It was there, in a 90-minute speech to the people assigned to carry it out, that SS commander Reinhard Heydrich outlined the German Reich's plan for the deliberate extermination of European Jewry. Heydrich assembled the heads of the many departments of the Reich bureaucracy affected by the plan. He told them all Jews west of Poland were to be evacuated to the east, mainly to Poland, where they would be placed in labor camps and worked to death. Heydrich's remarks described a "radical plan" which the Reich called the "final solution to the Jewish question."
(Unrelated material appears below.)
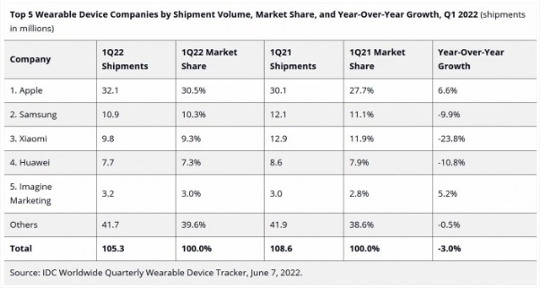 根據(jù) IDC 公布的最新數(shù)據(jù),2022 年第 1 季度全球可穿戴設(shè)備市場(chǎng)出現(xiàn)首次下滑,總出貨量為 1.053 億部,同比下降 3%。下降的主要原因是需求降溫,因?yàn)樵诮?jīng)歷了多年的急劇增長(zhǎng)之后,消費(fèi)者開(kāi)始在可穿戴設(shè)備以外的類別上花費(fèi)更多,而這些增長(zhǎng)在疫情期間進(jìn)一步擴(kuò)大。

In fact, the extermination of Jews had already begun in the east. Beginning in September 1939 German armies had swept into western Poland, and within a year and a half, violating a pact with Soviet Russia, had moved east into the Baltic states (today's Lithuania, Latvia and Estonia) and Ukraine (an area that includes modern Belarus), clear to the Black Sea. There, paramilitary units of the SS, the infamous Einsatzgruppen, operating behind German army lines, systematically murdered Jews, Poles, and hundreds of thousands of others in what historian Timothy Snyder has called Bloodlands, in his chilling recent book of that title.
It is appropriate that we remember the Holocaust, the pre-meditated murder of as many as 5.4 million Jews between 1939 and 1945. Snyder reminds that also, between 1933 and 1945, Germans and Russians between them intentionally killed 14 million people in the east. These were politically motivated killings; the people died not in combat, but "because someone made the deliberate decision to murder them" (Anne Applebaum, New York Review, Nov. 11, 2010), by planned starvation, or gunshot, or gassing. The Einsatzgruppen alone killed one million. Four million of the Holocaust Jews lived in the "Bloodlands."
Before the Germans invaded Soviet territory, Stalin had instigated starvation in Ukraine in the collectivization of farms there, and as the Russians moved westward, ethnic populations were methodically targeted and made victims of mass murder. Both Hitler and Stalin shared a hatred not only of Jews, but of all of the ethnic residents of the Baltics, Belarus and Ukraine, and of such smaller regions as Bessarabia, Bukovina and Hertza. The totalitarian leaders considered these peoples inferior and coveted their lands for the agricultural expansion of their empires.
In the United States, most people even now are hard pressed to find Belarus on a map of Europe, or even Ukraine. Knowledge of the regions east of Germany was inexact at best and for most Americans, a distant vagary. That did not mean, however, that people in the U.S. government did not know what was going on. The prolific historian Walter Laqueur summarized what was known by whom, when, in his 1982 book "The Terrible Secret." The numbers were too great and general mobility too widespread for knowledge about the famines, the shootings and the death camps not to circulate around the globe quickly. Laqueur addressed the question of the Holocaust specifically. The volume of data -- first-hand testimony from escapees, photos from surreptitious observers, even smuggled letters from inmates -- was so great that in December 1942, eleven Allied governments issued a public declaration that the Reich government was carrying into effect Hitler's intention to exterminate Europe's Jews.
But for most, the news, and the events it placed before the imagination, was so inconceivable that, as Laqueur wrote, "it did not register." It was simply incomprehensible in a culture that aspired to tolerance and inclusion. Additionally, anti-Semitism was still rife in America and the rest of the west at the time. It was convenient not to-believe.
Labeling a people or a class as inferior or otherwise unacceptable in general society justifies all manner of inhumanity. A defensive posture toward those we do not know or understand comes all too naturally. Transcending that tendency takes unflinching self-reflection and uncompromising will. We would like to believe such labeling is a thing of the past; but it's not. Look around.
Steve Haycox is a professor of history at the University of Alaska Anchorage.